Q: What does “decoupling electricity from gas prices” mean in practice? A: Decoupling aims to reduce electricity price sensitivity to gas market movements by redesigning market mechanisms and revenue streams. Tools include more robust forward markets, capacity remuneration for firm resources, CfD-style contracts for low-carbon firm power, and enhanced interconnection to diversify supply. Decoupling changes price signals to better reflect the value of flexibility and low-marginal-cost renewables.

Q: Would allowing private investors to build grid projects risk fragmentation? A: Private investment can accelerate build-out but must be governed by strict technical standards, transparent cost allocation and regulatory oversight to avoid fragmentation. Properly structured public-private frameworks can harness private efficiency while protecting public interests. Regulation should ensure interoperability, maintenance responsibilities, and fair access.

Q: Why is there a proposal to prioritise pan-European grid integration? A: A more integrated European grid reduces the need for local balancing and smooths variability across regions, lowering total system costs and improving resilience. Southern solar production can complement northern wind and hydro resources. However, cross-border projects require political will, harmonised codes and shared financing arrangements.

Q: What short-term actions can policymakers take to unblock the pipeline? A: Policymakers can tighten queue admission rules, require demonstrable readiness, fast-track storage permitting, clarify market access for batteries, design auctions that reward system value (including hybrid bids), and authorise targeted private-led grid upgrades under regulated frameworks.

Q: Will storage technologies be enough, or are other measures needed? A: Storage is essential but not a standalone solution. Comprehensive change requires storage, grid reinforcement, market reforms, demand-side measures and cross-border integration. Long-duration storage and alternative flexibility solutions will be necessary for very high renewable penetrations.

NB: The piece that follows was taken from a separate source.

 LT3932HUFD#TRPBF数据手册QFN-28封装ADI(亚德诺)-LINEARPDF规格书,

Q: How soon can consumers expect benefits if reforms are implemented? A: Some benefits — reduced negative-price events and improved local reliability — can appear quickly after targeted interventions like battery deployments and prioritised interconnectors. Structural reductions in price volatility and improved industrial competitiveness will take longer, depending on the scale of grid upgrades and market reforms.

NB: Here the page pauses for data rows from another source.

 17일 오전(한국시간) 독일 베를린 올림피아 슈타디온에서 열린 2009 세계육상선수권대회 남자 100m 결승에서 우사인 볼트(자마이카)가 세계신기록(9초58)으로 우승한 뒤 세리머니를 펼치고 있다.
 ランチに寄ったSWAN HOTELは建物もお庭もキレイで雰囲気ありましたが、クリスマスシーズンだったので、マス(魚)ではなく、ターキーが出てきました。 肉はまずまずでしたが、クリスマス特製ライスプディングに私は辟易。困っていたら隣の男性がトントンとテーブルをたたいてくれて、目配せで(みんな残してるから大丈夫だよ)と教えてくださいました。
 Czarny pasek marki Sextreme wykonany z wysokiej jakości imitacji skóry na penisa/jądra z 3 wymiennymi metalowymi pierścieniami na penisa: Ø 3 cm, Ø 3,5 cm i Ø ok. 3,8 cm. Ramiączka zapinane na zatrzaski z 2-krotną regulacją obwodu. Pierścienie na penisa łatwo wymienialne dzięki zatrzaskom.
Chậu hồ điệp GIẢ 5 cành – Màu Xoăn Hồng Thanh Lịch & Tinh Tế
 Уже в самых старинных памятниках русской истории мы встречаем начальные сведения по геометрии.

Q: Are there opportunities for investors despite the constraints? A: Yes. Markets with clear policy frameworks, available grid capacity and contract mechanisms (e.g., CfDs) remain attractive. Investors can also find opportunities in storage, hybrid assets, and financing targeted grid projects under transparent regulatory regimes. Diversification and careful assessment of regulatory risk are crucial.

Q: What should industry stakeholders prioritise in messaging to gain political support? A: Framing renewables as contributors to energy security and resilience resonates broadly. Industry should link proposed investments (storage, interconnectors, grid upgrades) to concrete benefits for consumers, industry competitiveness and national security. Transparent cost-sharing plans and short-term protections for vulnerable consumers will strengthen political support.